A new report by the Grattan Institute has called on the government to halve the $8 billion a year in fuel tax credits given to businesses, to help repair the budget and reduce carbon emissions.
Fuelling budget repair: How to reform fuel taxes for business shows that only about half of the outlay is justified in economic or social terms.
“Fuel tax credits are gnawing away an ever-growing share of fuel tax revenue: a decade ago, credits reduced gross fuel tax revenue by 30 per cent; today, it’s almost 40 per cent,” the Institute says.
“Winding back the credits could reduce the structural budget deficit by about 10 per cent, or $4 billion a year.
“It would also help Australia hit its target of net-zero emissions by 2050, because burning diesel contributes about 17 per cent of Australia’s total carbon emissions.”
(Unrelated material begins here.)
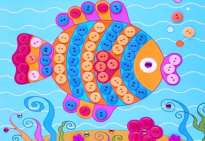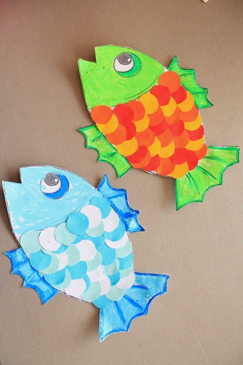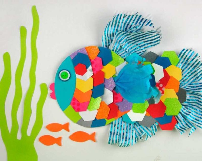 Този колаж от цветни хартиени риби също е лесен за направа, а резултатът със сигурност ще ви зарадва. А за да го постигнете, трябва да направите следното: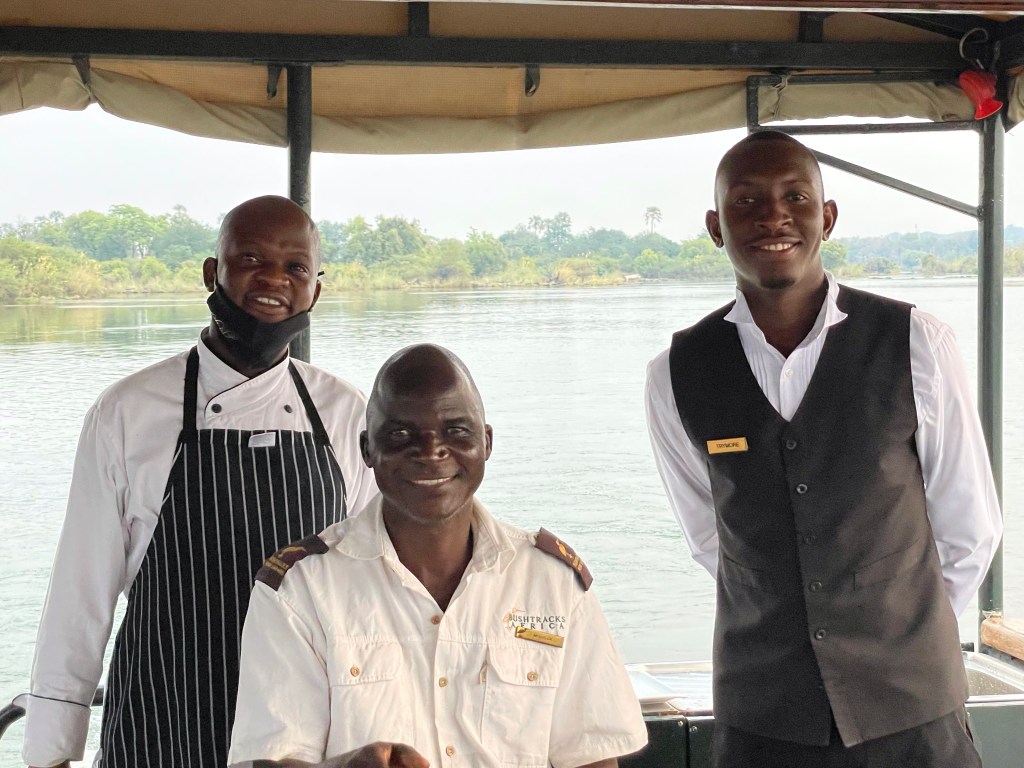 We arrived at our boat, The Victoria, around 4:15PM and were greeted by the boat’s bartender Trymore, with their version of a Pimm’s Cup. The boat pushed away and for the next two and a half hours, we cruised the Zambezi. Due to covid, the four of us were the only guests and we were treated quite well. The boat had a three person crew -Trymore, PK the chef, and our Captain, Misheck.

At present, no fuel tax is payable for vehicles that only drive off-road, such as trucks on mine sites, and a reduced rate of fuel tax is payable for on-road vehicles heavier than 4.5 tonnes, such as semi-trailers, B-doubles, and passenger buses.
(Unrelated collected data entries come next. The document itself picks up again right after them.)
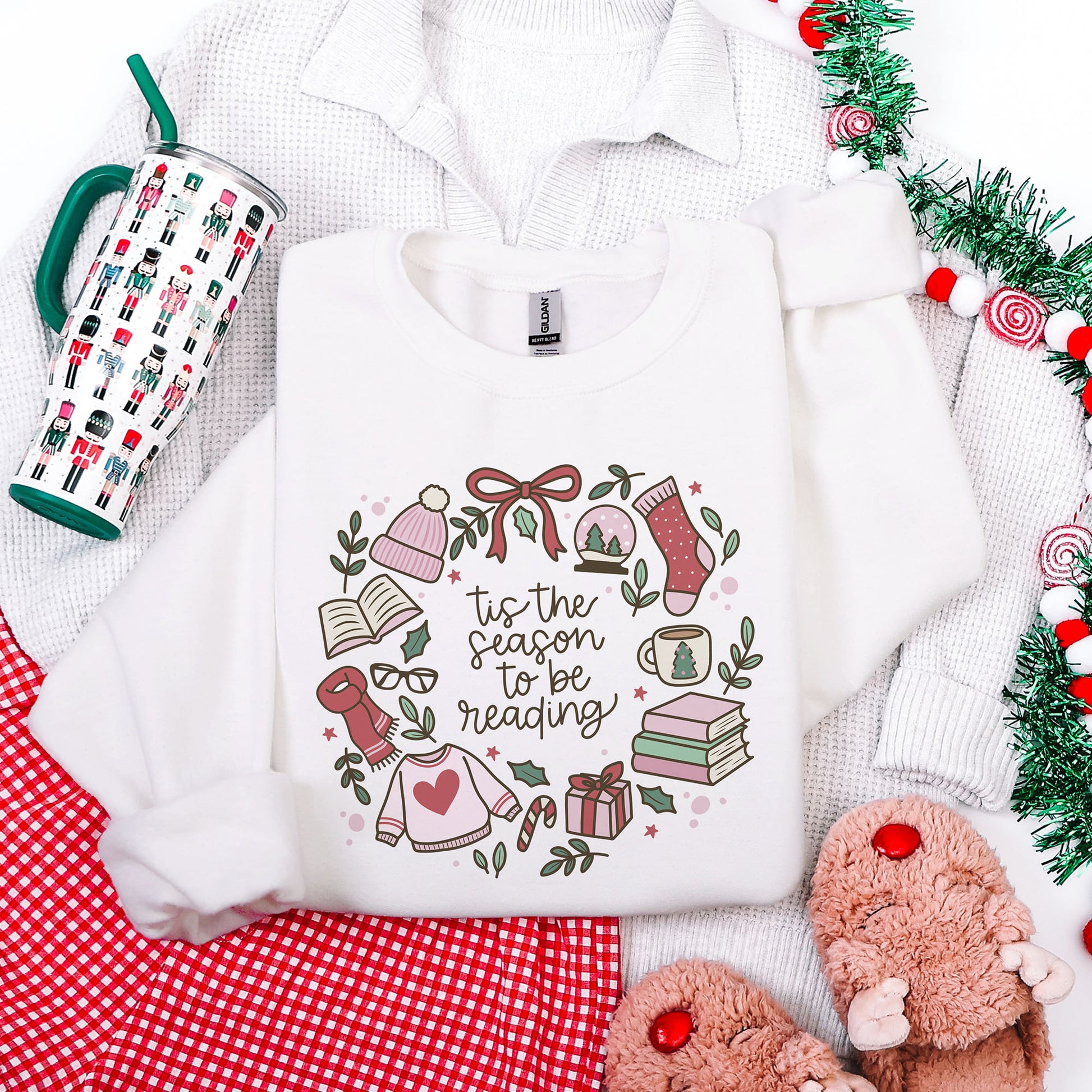Søt og cozy BookTok-julegenser med et sjarmerende motiv og teksten ’tis the season to be reading. Perfekt for bokelskere som elsker julekos, lesestunder og varm kakao. Myk passform og ekte christmas vibes. Ideell for deg som søker bookish julegenser, booktok sweater, juleklær for bokelskere og cozy christmas outfit.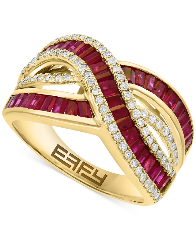 Effy Ruby (1-1/20 ct. t.w.) & Diamond (3/8 ct. t.w.) Open Crossover Statement Ring in 14k Gold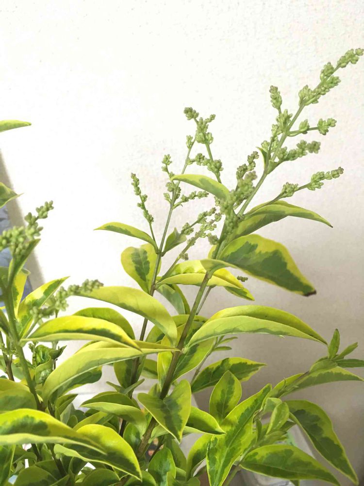 太めの枝ものです!葉は縁が明るい黄緑、葉の中心は濃緑です。先っちょは粒々の実?つぼみ?がついてます。

“There is no business reason why larger vehicles should pay less than smaller vehicles – in fact quite the reverse, since heavy vehicles do far more damage to roads,” Grattan states.
However, Minerals Council of Australia Chief Executive Officer Tania Constable says making changes to the Fuel Tax Credit (FTC) scheme would have compounded the economic pain that Australians are currently experiencing, with high inflation and increasing interest rates.
“The scheme should never have a question mark over its future. Not now, not ever.
“We must get off this budgetary merry-go-round, where governments look to raid the scheme in the erroneous belief it will help budget repair, when in fact it would hinder.”
The report recommends that heavy on-road vehicles should pay the same rate as utes, vans, cars, and small trucks used by businesses.
Off-road vehicles and machinery should still be eligible for fuel tax credits, but at a lower rate than now, to reflect the damage their carbon emissions cause to the environment and community.
“Cutting fuel tax credits would be a win-win: it would shrink the budget deficit and help Australia hit net-zero carbon emissions by 2050.
“And cutting fuel tax credits in the way we recommend would have next-to-no impact on household budgets – we calculate that prices at the supermarket would increase by an average of just 35 cents on a $100 grocery shop.”
Ms Constable said Prime Minister Anthony Albanese’s recent categorical statement ruling out changes to the FTC scheme is “recognition of the importance the scheme plays in the current and future prosperity of regional Australia”.
“Messing with such a vital scheme that supports regional businesses, job creation and community investment was always a dangerous ploy, guaranteed to backfire.
“After today ruling out any changes to the FTC scheme, the federal government should champion the scheme’s permanency within the tax system, giving Australian businesses certainty moving forward.”